I should also add all of this is terrific learning for our Huntington's disease program. So we probably learned more about intraparenchymal drug delivery, vector delivery than any other company over the last couple of years.

One more thing I will mention, we will do this in Parkinson's and Huntington's trials, as we have a surgical core with the field support. And so we can do quality assurance on ongoing basis being present with each case and then reviewing the postop MRI images after each case to know if there are any issues or anything we need to troubleshoot with the given site.

Got it. And then just as a follow-up on the preclinical program. If I heard you right, it's Huntington's and Friedreich's ataxia that would likely be filed in 2019. But ALS wasn't included. So are we just assuming that's likely for 2020 or...

Not. No, no. ALS is what we're saying now is over those three programs, ALS, Huntington's and Friedreich's, two will deliver in 2019. And ALS has made very good progress. There is a bit of a pivot here given what we learned on capsids and delivery, getting all of the cord, the cervical cord, the brainstem. These are very important regions of the brain for this to work clinically. And I remind you that again getting into the clinic is terrific. But getting into the clinic with something that is likely to work is really the goal for us. And lot of companies, other competitors, academic groups et cetera will get in, but they have no reason to believe they will be able to optimize delivery. And given what we've seen in our preclinical work, in nonhuman primates in general, we're very optimistic that when we get in, we will be able to adequately silence, in the case of ALS the SOD1 gene, in the case of Huntington's the Huntington's gene. And rather excitingly from my perspective is to get both sensory neurons and the heart with the same vector intravenously for Friedreich's ataxia. So we're not sort of saying, which one of those, but ALS is right there still at the top.

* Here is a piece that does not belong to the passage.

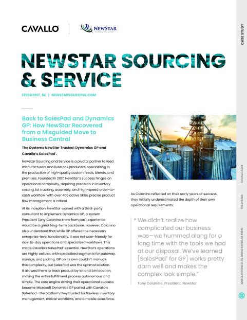 When an expensive, year-long migration to the cloud left NewStar Sourcing with crippled workflows and mounting inefficiencies, they faced a critical crossroads. Despite the industry push toward Business Central, the feed manufacturer discovered that the "modern" solution couldn't match the operational precision of their original setup. By abandoning the failed implementation and returning to the proven power of Microsoft Dynamics GP paired with Cavallo’s SalesPad®, NewStar reclaimed their high-speed fulfillment and inventory accuracy. This case study explores why "moving forward" isn't always progress and how the right partnership restored a six-figure investment into a scalable success story.

Got it, thanks for the clarifications.

Thank you. I'm not showing any further questions at this time. I would now like to turn the call back to Steve Paul for any further remarks.

Well, let me thank everyone for attending the call this afternoon and for your very thoughtful questions. We look forward to updating you on our progress and hopefully seeing many of you at our R&D Day in New York City on November 16. Thanks so much.

Ladies and gentlemen, thank you for participating in today's conference. This concludes today's program. You may all disconnect. Everyone, have a great day.